Это «вдруг», возможность которого оживляет реальность, убеждает меня в необходимости преамбулы к интервью. Думаю, что нет нужды представлять читателям «Петербургского театрального журнала» актёра Александра Галибина. Его известность мы можем воспринимать как данность. Спектакль Молодёжного театра «Ла-фюнф ин дер люфт» заявляет ипостась Галибина-режиссёра. Однако, совмещая в себе упомянутые выше состояния, Александр Галибин ни одним из них не заштампован. Яркая индивидуальность, образность мышления, несомненный интеллект и безусловное обаяние — гармонический сплав этих качеств делают Галибина созданием искусства Пигмалиона, который сотворил самого себя. Печать интеллекта и интеллигентности лежит и на другом его произведении — спектакле «Ла-фюнф ин дер люфт», и да будет мне позволено написать здесь слово «Искусство» с заглавной буквы.

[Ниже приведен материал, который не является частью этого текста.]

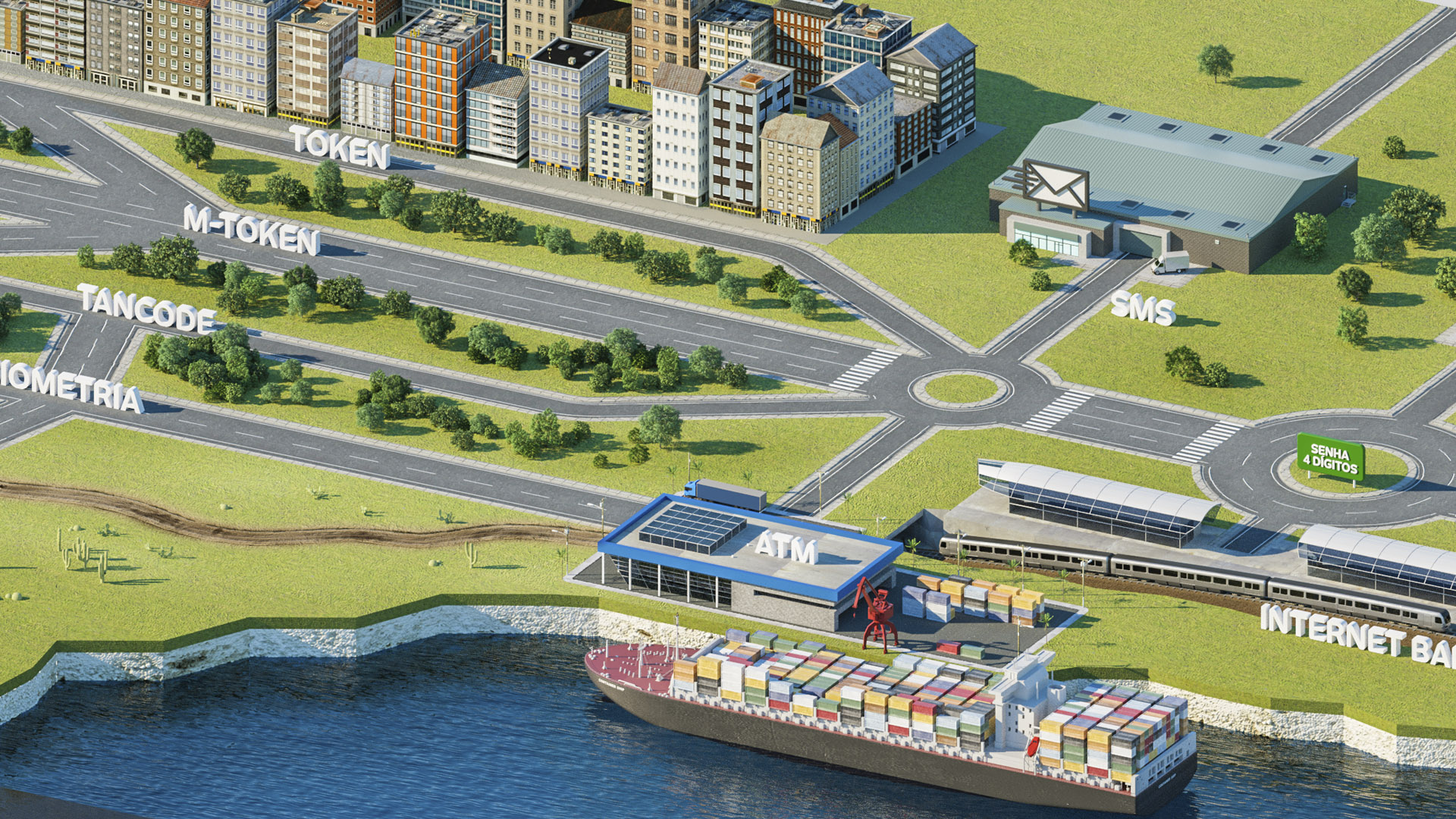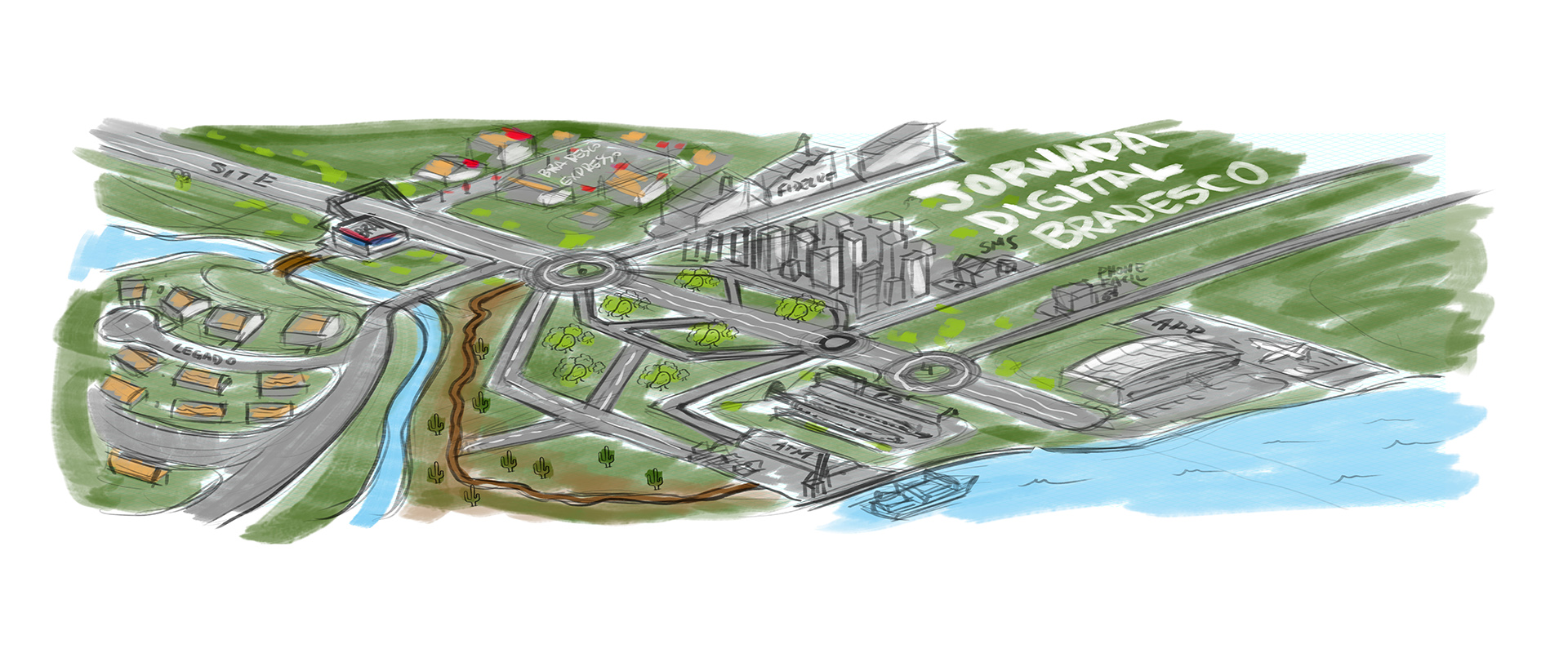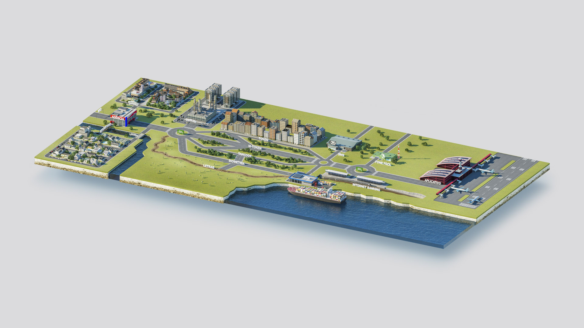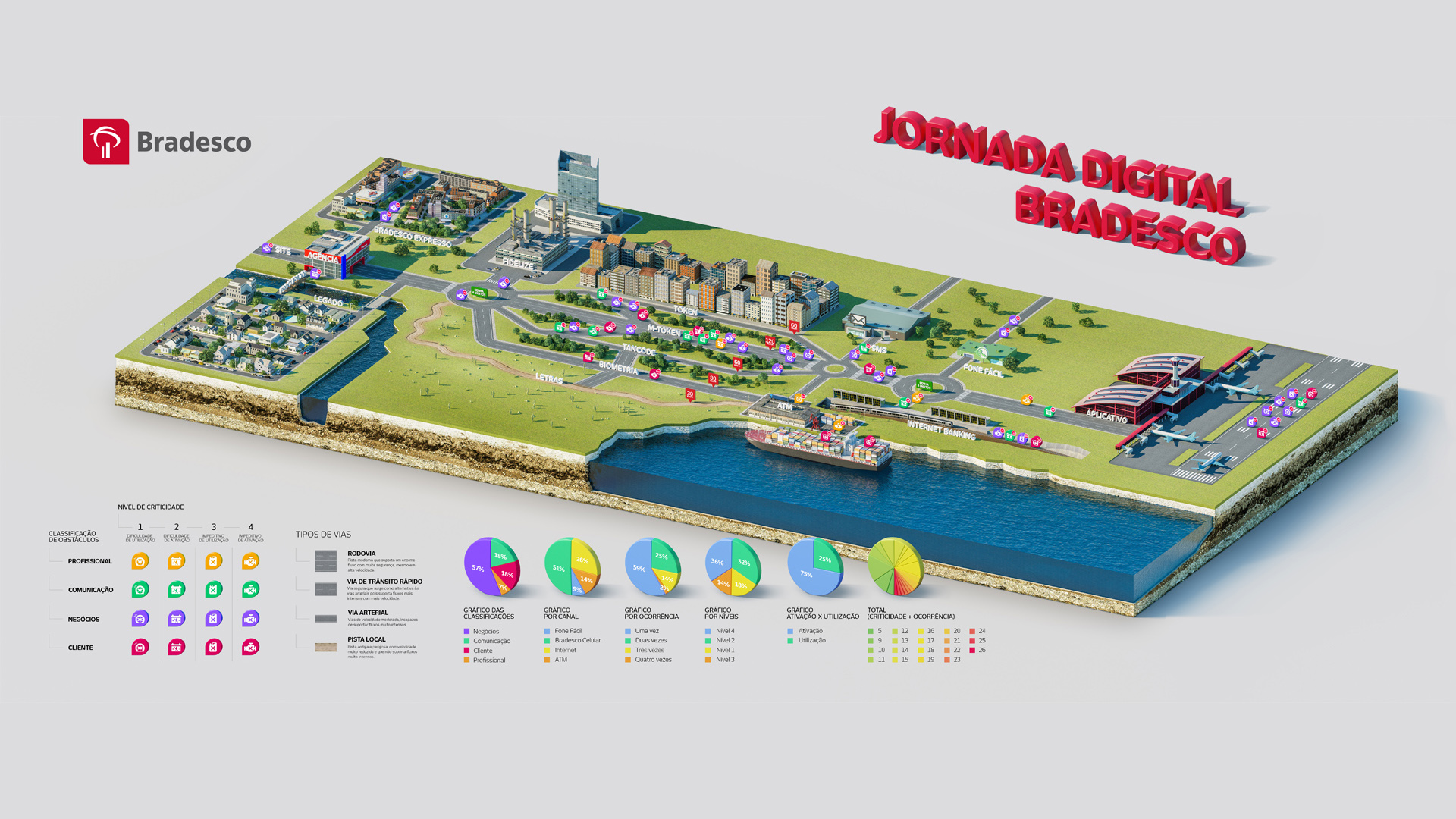 Trabalho de criação e desenvolvimento de mapa ilustrado em 3D para os Serviços Bradesco.

В данном случае я не ставлю перед собой задачу продемонстрировать собственную «блестящую индивидуальность». Прежде всего, мне хотелось бы разделить с читателем интерес и уважение к Александру Галибину. Поэтому предлагаемое ниже интервью — скорее монолог одного из самых интересных собеседников в моей жизни, изредка прерываемый репликами или же краткими размышлениями в тех случаях, когда, как мне кажется, тексту не вредит дополнение, взгляд «со стороны».

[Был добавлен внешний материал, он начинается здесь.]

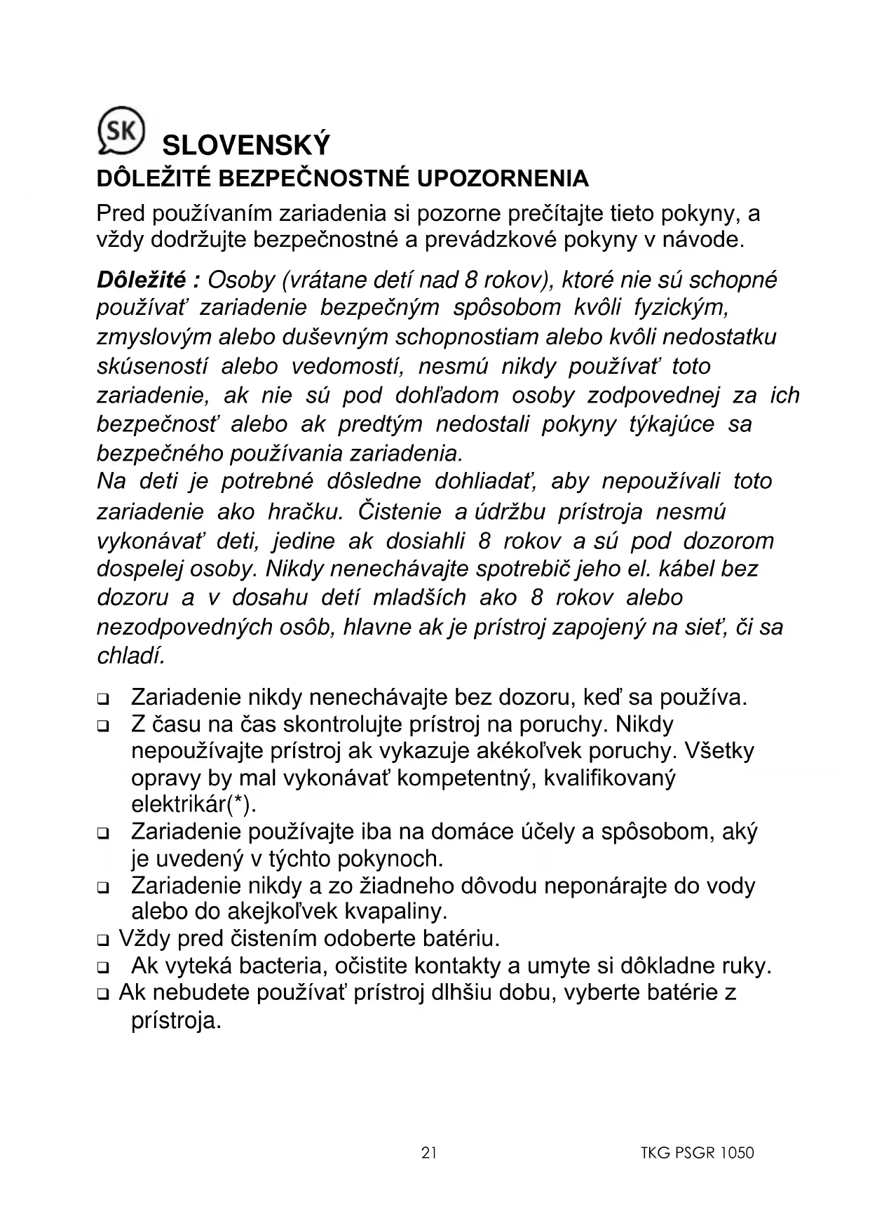 Pred používaním zariadenia si pozorne prečítajte tieto pokyny, a vždy dodržujte bezpečnostné a prevádzkové pokyny v návode. Dôležité : Osoby (vrátane detí nad 8 rokov), ktoré nie sú schopné používať zariadenie bezpečným spôsobom kvôli fyzickým, zmyslovým alebo duševným schopnostiam alebo kvôli nedostatku skúseností alebo vedomostí, nesmú nikdy používať toto zariadenie, ak nie sú pod dohľadom osoby zodpovednej za ich bezpečnosť alebo ak predtým nedostali pokyny týkajúce sa bezpečného používania zariadenia. Na deti je potrebné dôsledne dohliadať, aby nepoužívali toto zariadenie ako hračku. Čistenie a údržbu prístroja nesmú vykonávať deti, jedine ak dosiahli 8 rokov a sú pod dozorom dospelej osoby. Nikdy nenechávajte spotrebič jeho el. kábel bez dozoru a v dosahu detí mladších ako 8 rokov alebo nezodpovedných osôb, hlavne ak je prístroj zapojený na sieť, či sa chladí. ❑ Zariadenie nikdy nenechávajte bez dozoru, keď sa používa. ❑ Z času na čas skontrolujte prístroj na poruchy. Nikdy nepoužívajte prístroj ak vykazuje akékoľvek poruchy. Všetky opravy by mal vykonávať kompetentný, kvalifikovaný elektrikár(*). ❑ Zariadenie používajte iba na domáce účely a spôsobom, aký je uvedený v týchto pokynoch. ❑ Zariadenie nikdy a zo žiadneho dôvodu neponárajte do vody alebo do akejkoľvek kvapaliny. ❑ Vždy pred čistením odoberte batériu. ❑ Ak vyteká bacteria, očistite kontakty a umyte si dôkladne ruky. ❑ Ak nebudete používať prístroj dlhšiu dobu, vyberte batérie z prístroja.TKG PSGR 1050

Итак, первый вопрос банален:
Анита Файницкая. Саша, как получилось, что Вы, известный актёр, поменяли профессию?
Александр Галибин. Этого в двух словах не объяснить. Вот Вы, например, что-нибудь любите? Что-нибудь любите есть?
А. Ф. Кукурузу.
А. Г. Прекрасно. Но Вы же не можете есть всю жизнь только кукурузу. Вы попробуете что-то новое и, может быть, будете любить это новое. Человек меняется, меняется его сознание, если он сам этого хочет. Конечно, это не происходит просто так. Не думаю, что я был хорошим актёром.
А. Ф. Когда я училась в школе, мы все были влюблены в Пашку-Америку…
А. Г. Теперь Вы можете сравнивать — каким я казался тогда и какой стал теперь. Вообще, Вы не первый человек, от которого я слышу, что «были влюблены всем классом». Видите, а я тогда этого не знал. Жаль, я сейчас относился бы к этому иначе.
А. Ф. С сожалением?
А. Г. Нет. Без сожаления. Я не профессии поменял — сознание. Актёр Галибин умер.
Он был прелестным актёром. Именно прелестны« — мне не удалось найти более точного слова. С учётом существенного нюанса. Перечитывая старые рецензии, я натолкнулась на интересную деталь: никто не воспринимая Александра Галибина как театрального актёра. Но рейтинг Галибина-киноактёра по тем безрекламным временам был очень высок. Имидж интеллигентного, наивного, романтического мальчика обеспечил целому поколению образ положительного героя, а обаяние оправдывало любые натяжки самых слабых фильмов. Пашка-Америка, которым бредила тысячи зрительниц, с незначительными вариациями вписывался в абсурдные кинопостроения без тени вульгарности. Для меня это указывает на безусловную одарённость исполнителя. Имидж: — всего лишь режиссёрский метод использования актёрской индивидуальности. Сколько быт их, милых мальчиков? И стоит ли вспоминать, что с каждым из них стало? Образ же кино-Галибина незамутнённым прошёл через маразм «Алых погон», «Moего избранника», «Мужества», «Батальоны просят огня», по пути невзначай заслонив Галибина-театрального актёра. Честно говоря, заслонять было особенно нечего. Это ж вина актёра. И если мне нечего спросить, то Александру Галибину нечего рассказать о работе в театре имени В. Ф. Комиссаржевской. Пусть простят нам молчание те, чья судьба сложилась в этом театре счастливо.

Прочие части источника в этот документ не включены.